Уже который день подряд Город дождей оправдывал своё название. Его славное низкое небо не уставало изливать из себя капли холодной влаги на головы хмурых прохожих. Однако же это никак не могло послужить причиной для кого-то из них перестать куда-то спешить и зачем-то суетиться. Закон муравейника суров и непреклонен. Сломить его лучше и не пытаться! Но зато можно попробовать перехитрить. Прикинуться, что ты такой же как все и тоже один из его винтиков, – деталька этого механизма по имени социум.

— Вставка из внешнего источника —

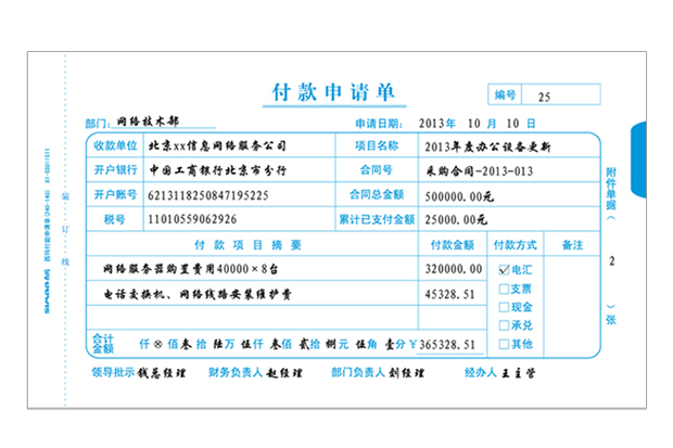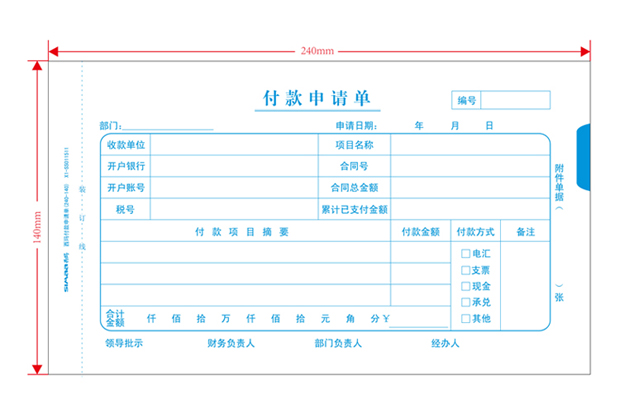 SIMAA payment application form, loan approval expense reimbursement document, financial special general accounting voucher paper, 240*140mm, 50 pages/book, 10 books/pack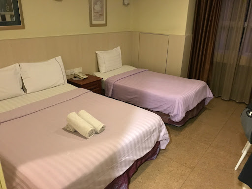 Our room had a single bed and a queen bed. I booked for a room with 2 single beds but they gave us an upgrade. An iron with ironing board was provided at the lift lobby of each floor.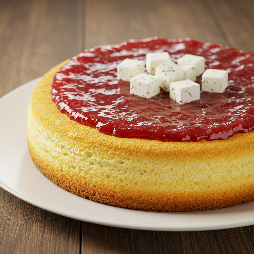 - Após o bolo esfriar, desenforme-o e espalhe a geleia de goiabada sobre a superfície.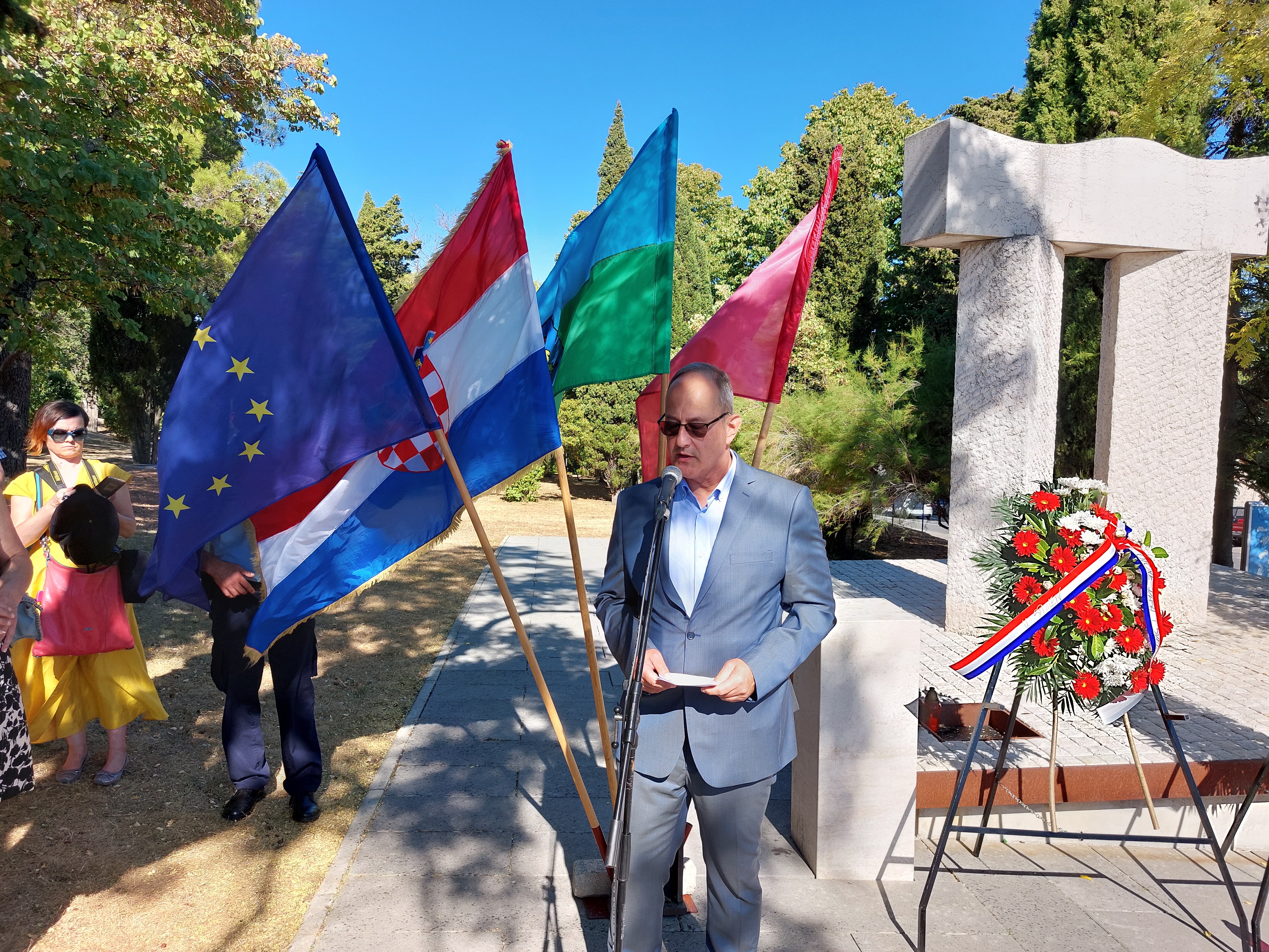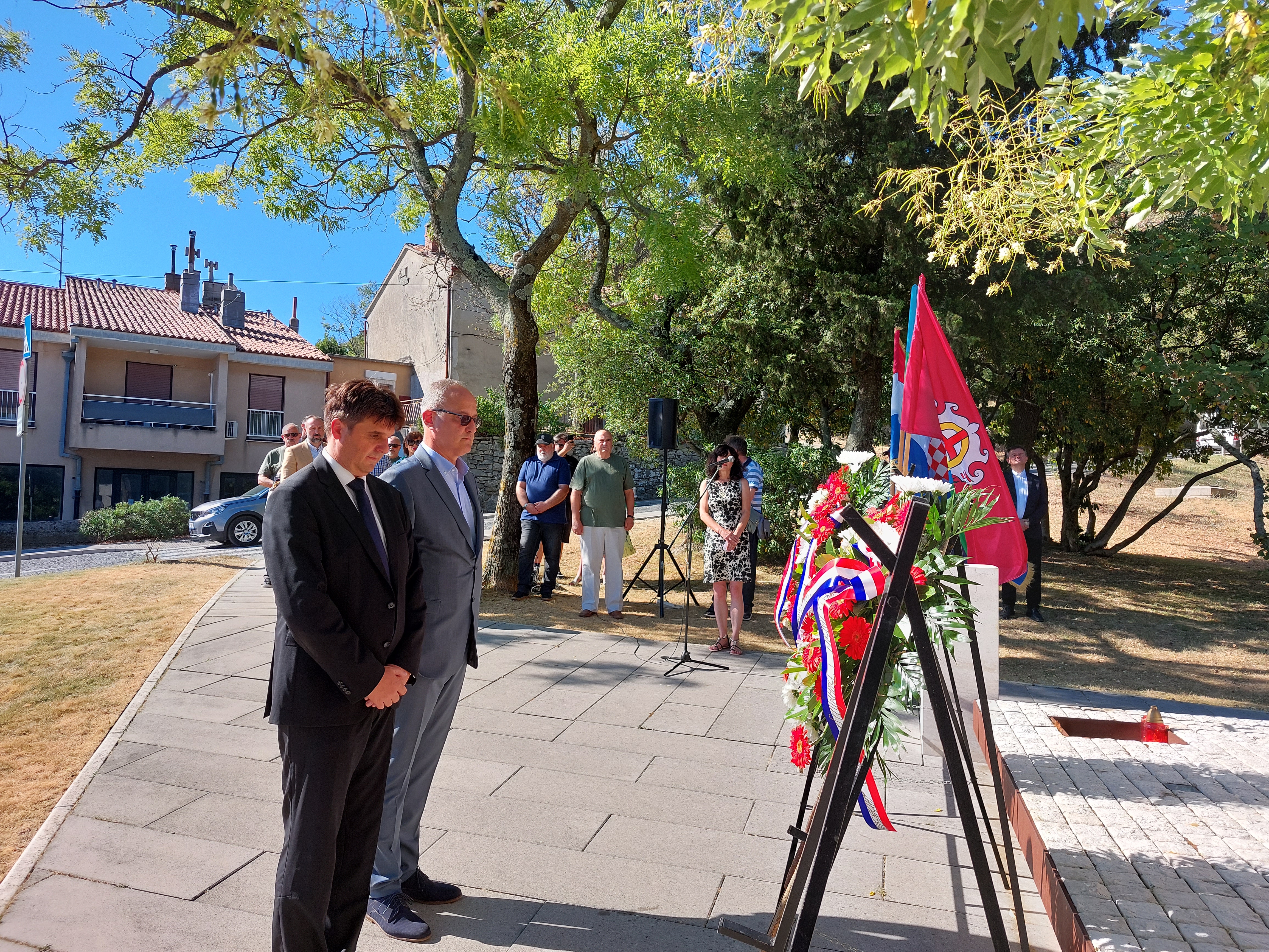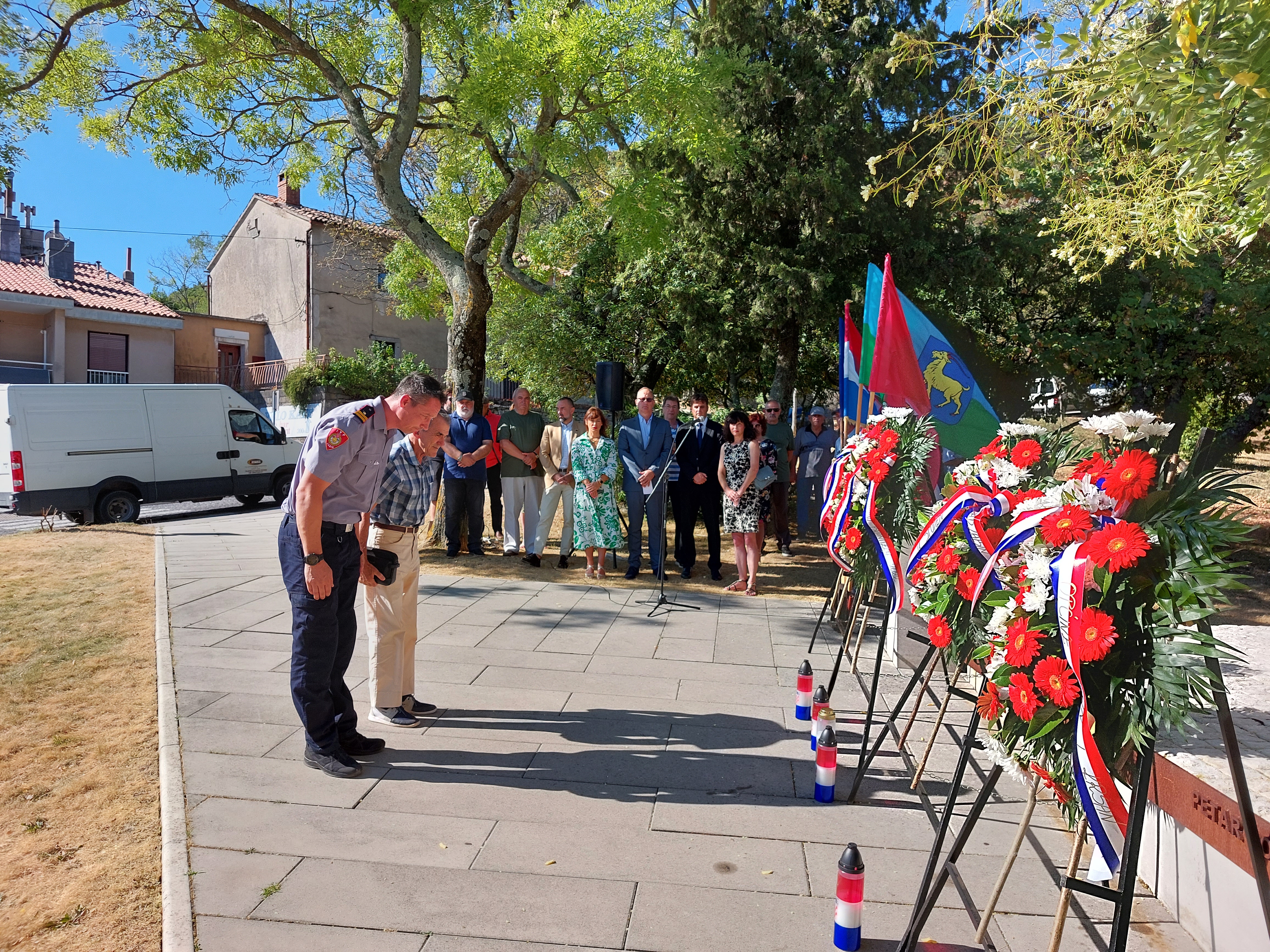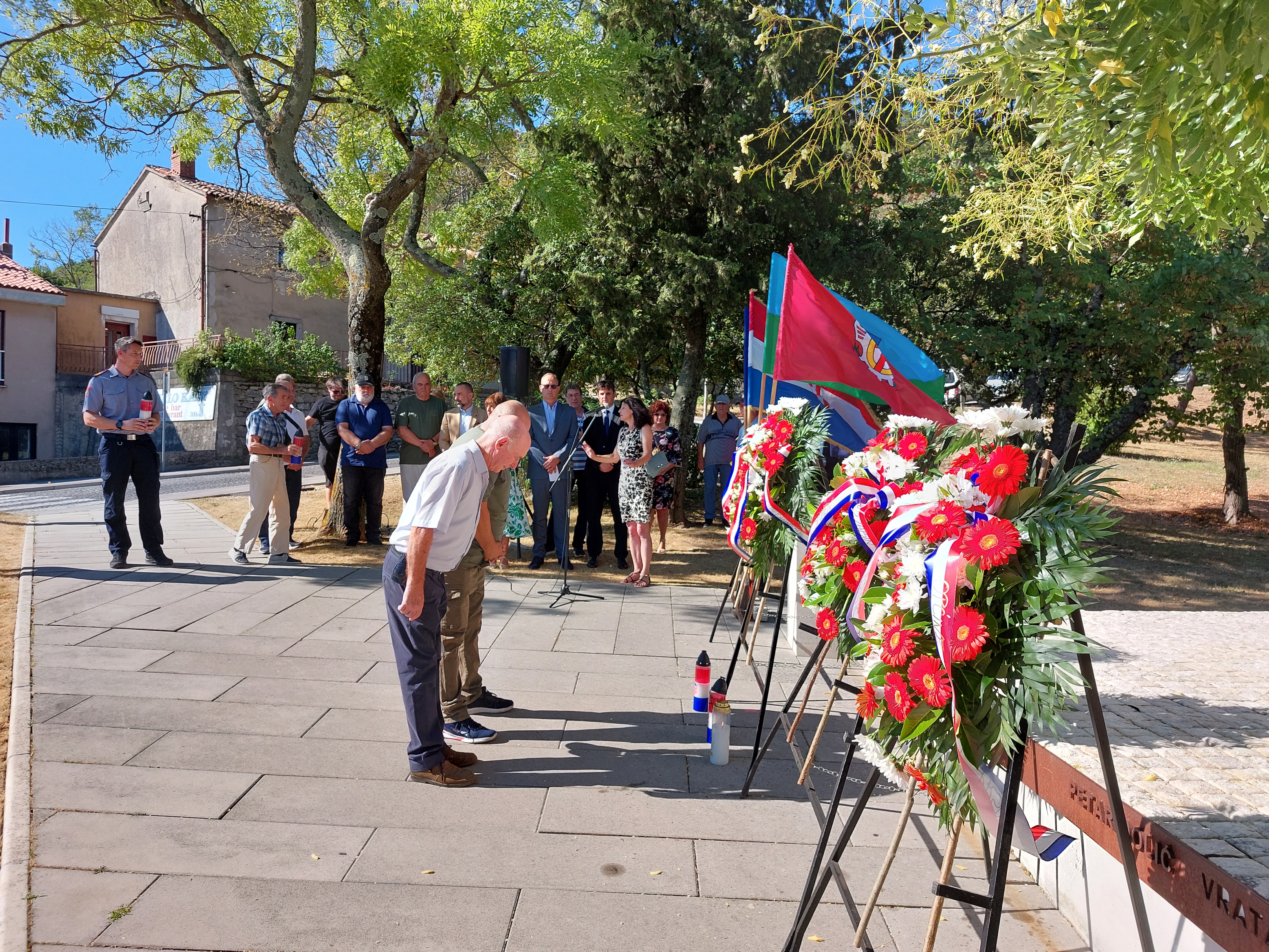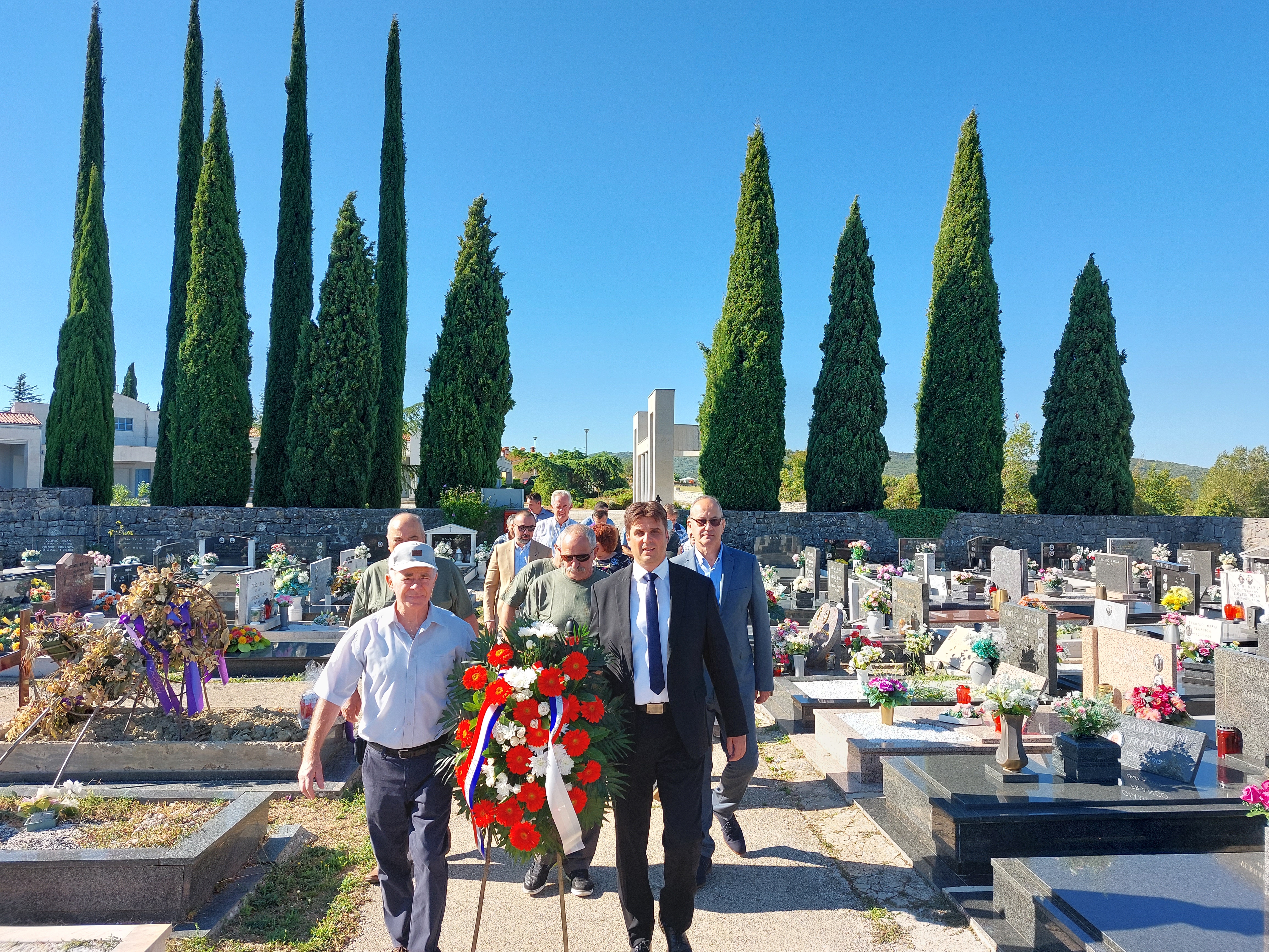 Polaganju su nazočili gradonačelnik Grada Labina, Valter Glavičić, načelnica Općine Raša Glorija Paliska, načelnica Općine Sv. Nedelja Irene Franković, načelnik Općine Kršan Roman Carić, načelnik Općine Pićan Dean Močinić, predstavnici Udruge dragovoljaca i veterana Domovinskog rata, branitelji 119. brigade HV-a, Udruge antifašističkih boraca, Udruge Josip Broz Tito, Javne vatrogasne postrojbe Labin, Stožera zaštite i spašavanja, MUP-a te vijećnika Gradskog vijeća Grada Labina.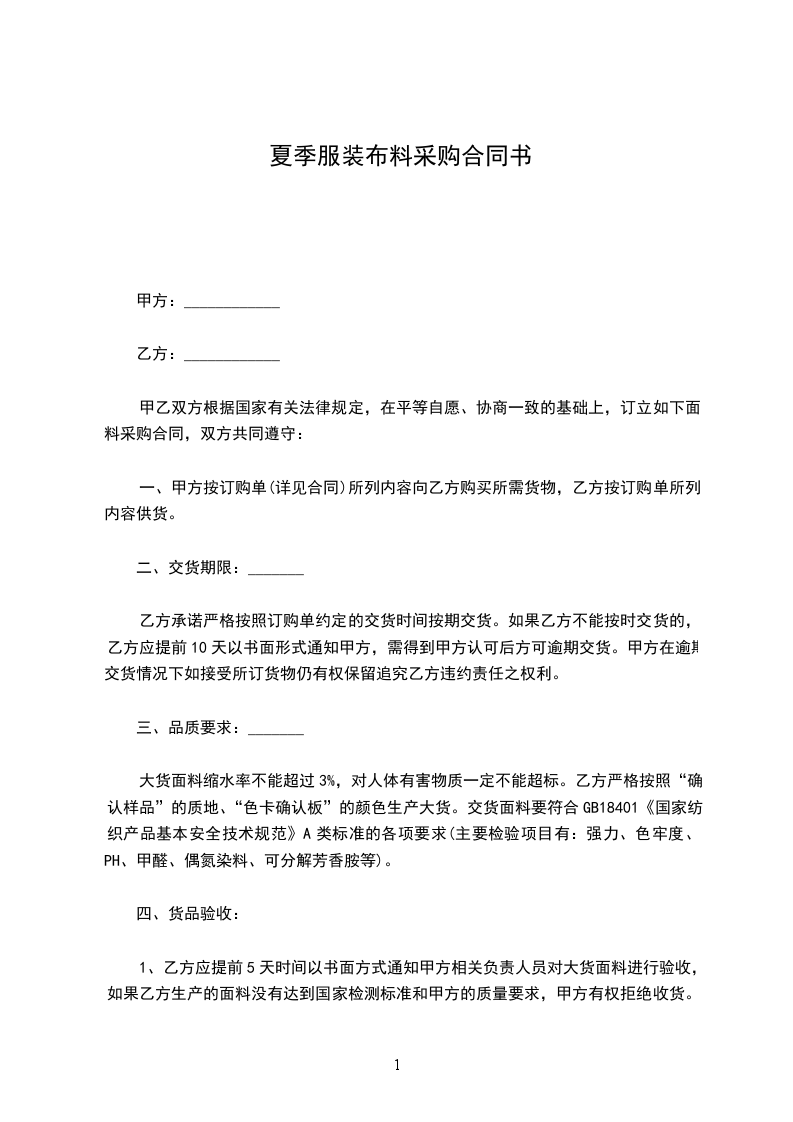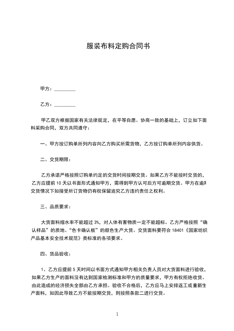 甲乙双方根据国家有关法律规定,在平等自愿、协商一致的基础上,订立如下面料采购合同,双方共同遵守: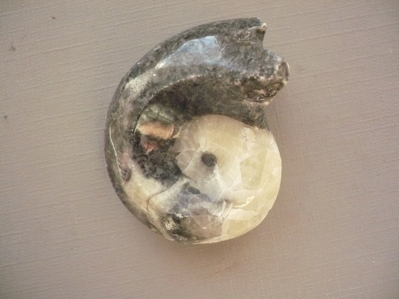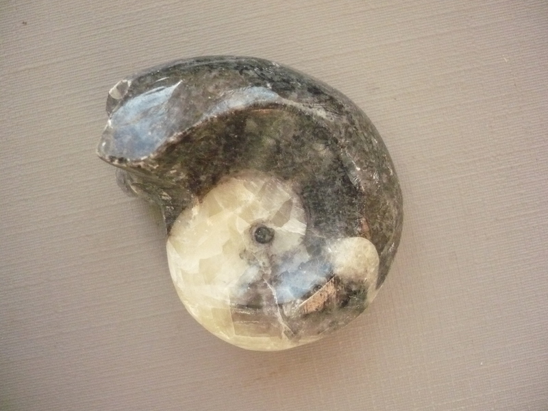 Goniatit - prvohorní fosílie, předchůdce amonitů. Je leštěný z obou stran, původ Maroko. Rozměry 43 x 33 x 18 mm.

Вот так и у нашего героя никогда не получалось стать частью чего-то большего. Раствориться в дружном порыве созидании общего дела. Как бы он не старался. А единственно, что удавалось, так это мимикрировать кое-как под общую массу. Да и то далеко не всегда. И причина находилась, конечно же, в нём самом. В его ярко выраженной интроверсивности. Всё внешнее интересовало его лишь так, постольку-поскольку. Зато внутренний голод был неуёмен! И пусть это прозвучит пафосно, но заботы его простирались в область глобального. В чём смысл жизни, что есть смерть и как понимать бессмертие? – Вот то, что волновало его по-настоящему. Всю жизнь он искал ответы на эти вопросы. А поэтому и имя ему мы дадим – Искатель.
И сейчас он и направлялся туда, где надеялся эти ответы получить. Проводником же ему взялся стать человек, успевший забыть столько, сколько многим не под силу узнать и за всю их жизнь. А посему его мы назовём – Знатоком.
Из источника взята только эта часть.